And, besides, aren't you saying YOU don't know if ETI exists? Shouldn't you speak for yourself here?

Well, in the general sense of it's saying we don't know something exists, it's the same.

In the specific sense of why he's saying it, it's very different.

Why is it different? Because there is a great deal of evidence that there is no Santa, whereas there is very little evidence that there are no ETIs.

To put that slightly differently: of the two possibilities:
a) there is no santa
b) there is a santa
"a" is the far more parsimonious conclusion.

Of the two possibilities:
a) there are no ETIs
b) there are ETIs
there is some evidence that leads us toward "a", and some that leads toward "b", but neither has any particularly compelling evidence, so the best we can do is to say, "we don't know".

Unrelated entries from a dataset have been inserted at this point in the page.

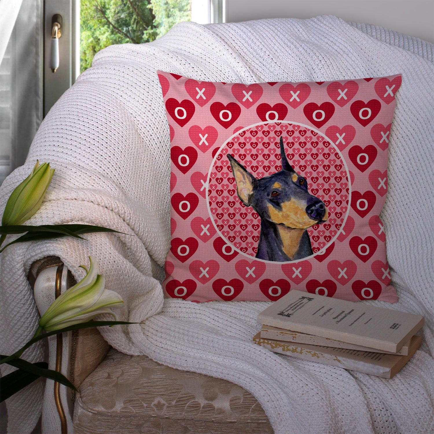 Doberman Hearts Love and Valentine's Day Portrait Throw Pillow - 14x14 Decorative Pillow – Art for Your Home & Patio SS4495PW1414
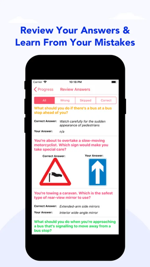 Each practice question contains the explanation of the answer from the DVSA, increasing the effectiveness of your driving theory test preparation.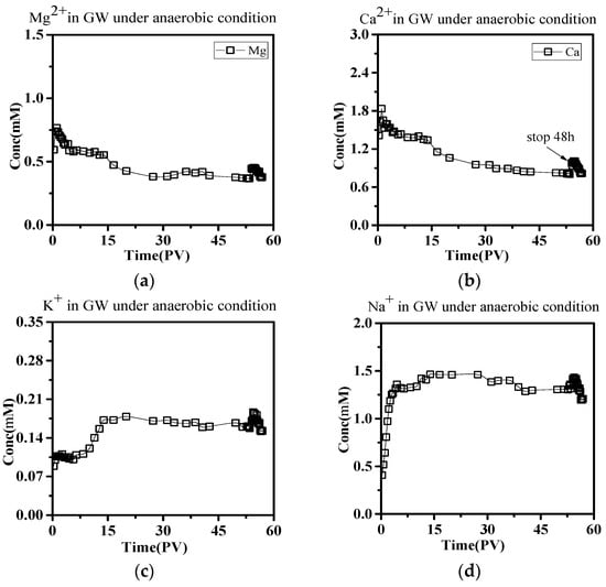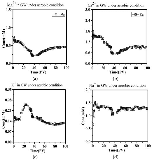 The Ca2+, Mg2+, K+, and Na+ concentrations were analyzed to investigate the effect of ion exchange on the transformation of NH4+. The results indicated that the Ca2+, Mg2+, K+, and Na+ ion exchange process with each other was evident, and they could affect NH4+ behavior (Figure 4 and Figure 5). The dynamic trend of ion exchange with Ca2+ and Mg2+ was similar, which was opposite to the NH4+ concentration trend in the ground effluent. However, the trend of K+ concentration was different from Ca2+ and Mg2+. From the results, it provided important insights into NH4+ behavior in HZ; namely, ammonium ion exchange and the rate of oxidation were affected by the groundwater with chemical condition exchange.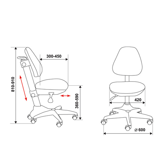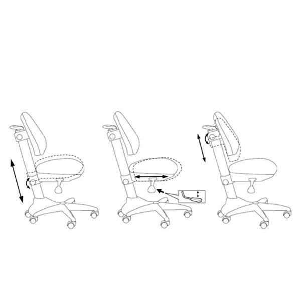 Эргономичное детское кресло Конструкция: Независимые регулировки высоты сиденья и спинки с динамическим изменением глубины сиденья Дополнительная регулировка глубины сиденья Усиленная конструкция Сиденье перемещается по штанге вверх-вниз ипо платформе взад-вперед Эргономичная спинка с жесткой поддержкой спины Спинка пружинит и перемещается вверх-вниз по опоре Ручка для перевозки.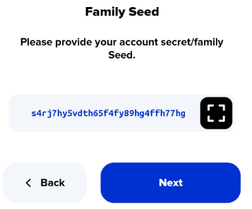 Please ensure that r-address that is displayed is the one that you intend to import. If it is **not correct**, please press the <img src="https://3221812686-files.gitbook.io/~/files/v0/b/gitbook-x-prod.appspot.com/o/spaces%2FMiHAzvIPISVuuzt0AeOR%2Fuploads%2Fgit-blob-0b3ce776b22a1fdfd993bc9975b92d8840dc6524%2Fimage.png?alt=media" alt="" data-size="line">button, then double check and re-enter your Family seed. When the correct r-address is displayed, press the **Confirm** button.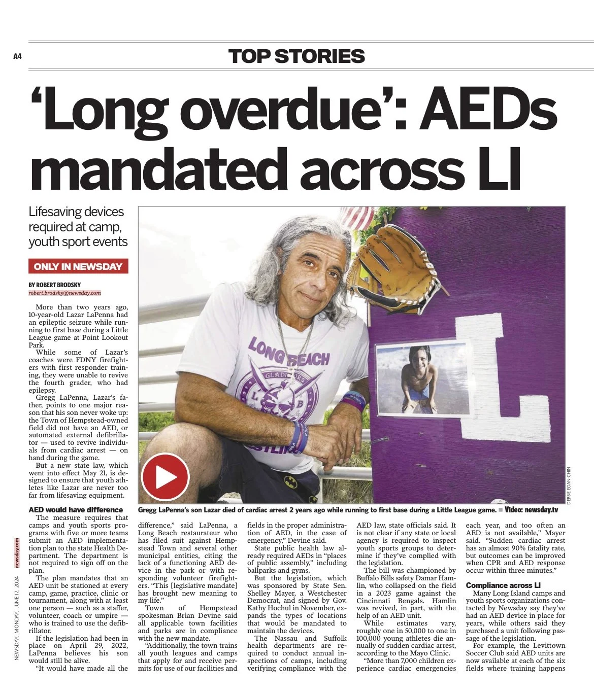 IN THE PRESS COURTESY OF CBS NEWS https://www.cbsnews.com/newyork/news/new-york-law-requires-aeds-at-youth-sports-summer-camps/ COURTESY OF NEWSDAY LI COURTESY OF TOTALPROSPORTS.COMhttps://www.totalprosports.com/ncaa/baseball/little-league-baseball-player-tragically-dies-at-age-10-during-game/ COURTESY OF NEWS 12 LI https://longisland.news12.com/brothers-seek-to-honor-long-beach-little-leaguers-legacy-with-t-shirtshttp://longisland.news12.com/long-islanders-wear-little-league-jerseys-to-school-in-honor-of-lazar-lapennaCOURTESY NEWSDAY LIhttps://www.newsday.com/opinion/commentary/guest-essays/epilepsy-lazar-lapenna-lido-beach-gwk1leoahttps://www.newsday.com/long-island/lazar-lapenna-little-league-jersey-pay-tribute-ni9li8qy
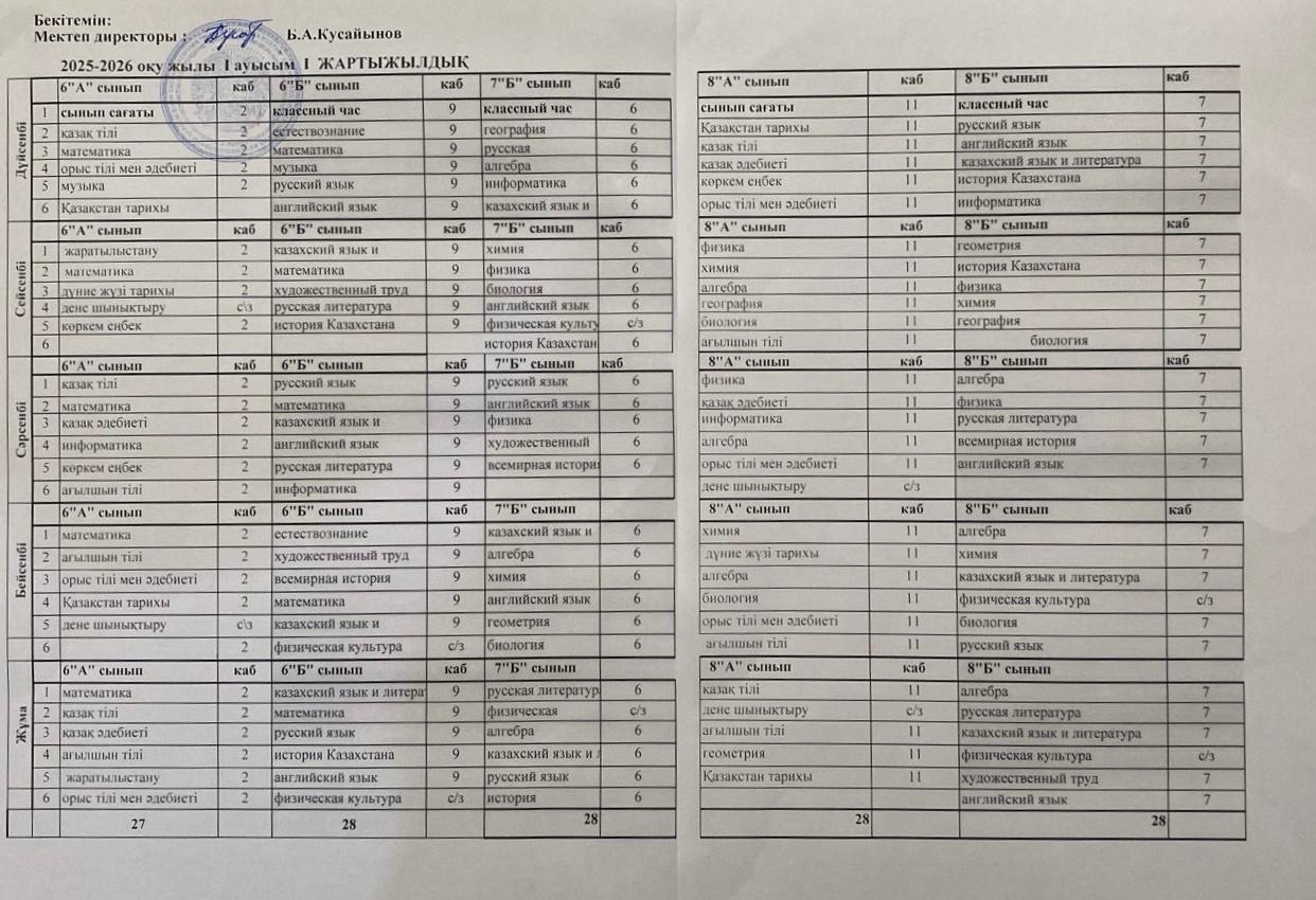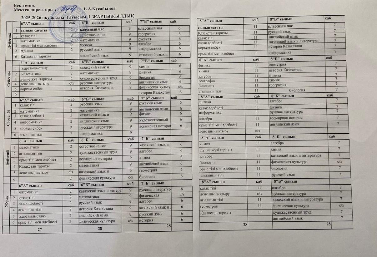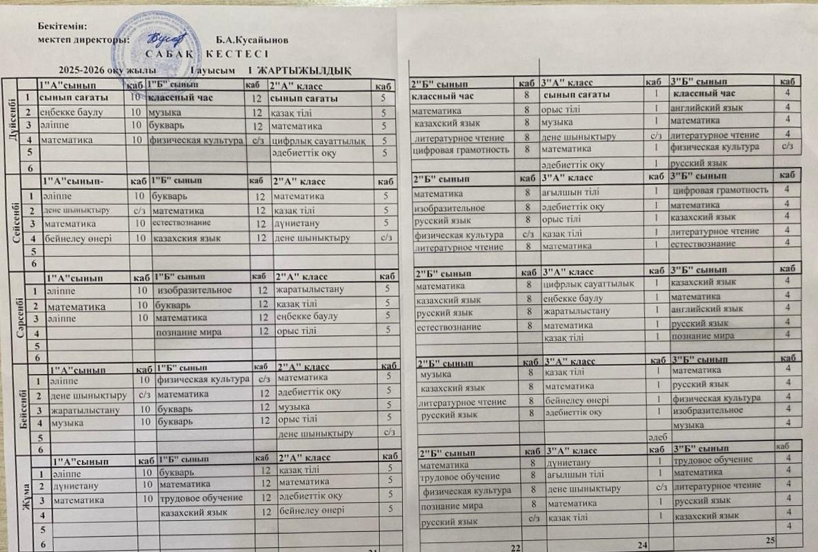 Сабақ кестесі 2025-2026 оқу жылы » КГУ «Общеобразовательная школа №194 » Управления образования г.Алматы

Now, personally, when I examine the evidence, I think that there being some ETIs in the universe, even in our galaxy, is more likely than not, but I don't find that conclusion to be all that solid, and would not be all that surprised if there were none. That is, I think the evidence leans toward "b", but not particularly strongly.
Joe may be more in the middle than me, which I think is an entirely reasonable position. Others look at the evidence and think it leans more toward "a", which I again consider to be quite reasonable. Those, however, who say that "a" is assured are, in my opinion, fooling themselves, and so far have failed to make a strong case.

As to amb, I'm still not sure where he sits, as sometimes he seems to say that "a" is almost certain, whereas other times he says that "b" is true, but the number of ETIs is certainly very small. I have none of that certainty, I wouldn't be surprised if there were a great many ETIs, nor if there were very very few of them.
 
We have had radio/television/ astronomy signals for around 60 years now, that's a radius of 60 light years in which there are dozens of sun like stars to receive these signals, even in their weakened state a highly evolved civilization would be able to pick them up as would we with the giant radio radar discs that exist around the world that are capable of picking up a signal from a pulsar 100 light years away, yet all there is is silence both ways.

OH FOR ****'S SAKE, are you deliberately being daft? This has been addressed NUMEROUS times, and Robo just quoted the specific post. Even with an Aericibo array on A. Centaruri, our civilization is UNDETECTABLE. That's only a measly 4 light years away! Pulsars and stars are totally different... *sigh* It's like arguing wiht a creationist, same old tired canards repeated over and over again. I can see why Joe would accuse you of that mentality.

By the way, I used to think that anyone wihtin 60 light years could detect us, but then that nasty inverse square law showed me the folly of that train of thought and I had to re-evaluate it. Why have you not done so in the faceof physics?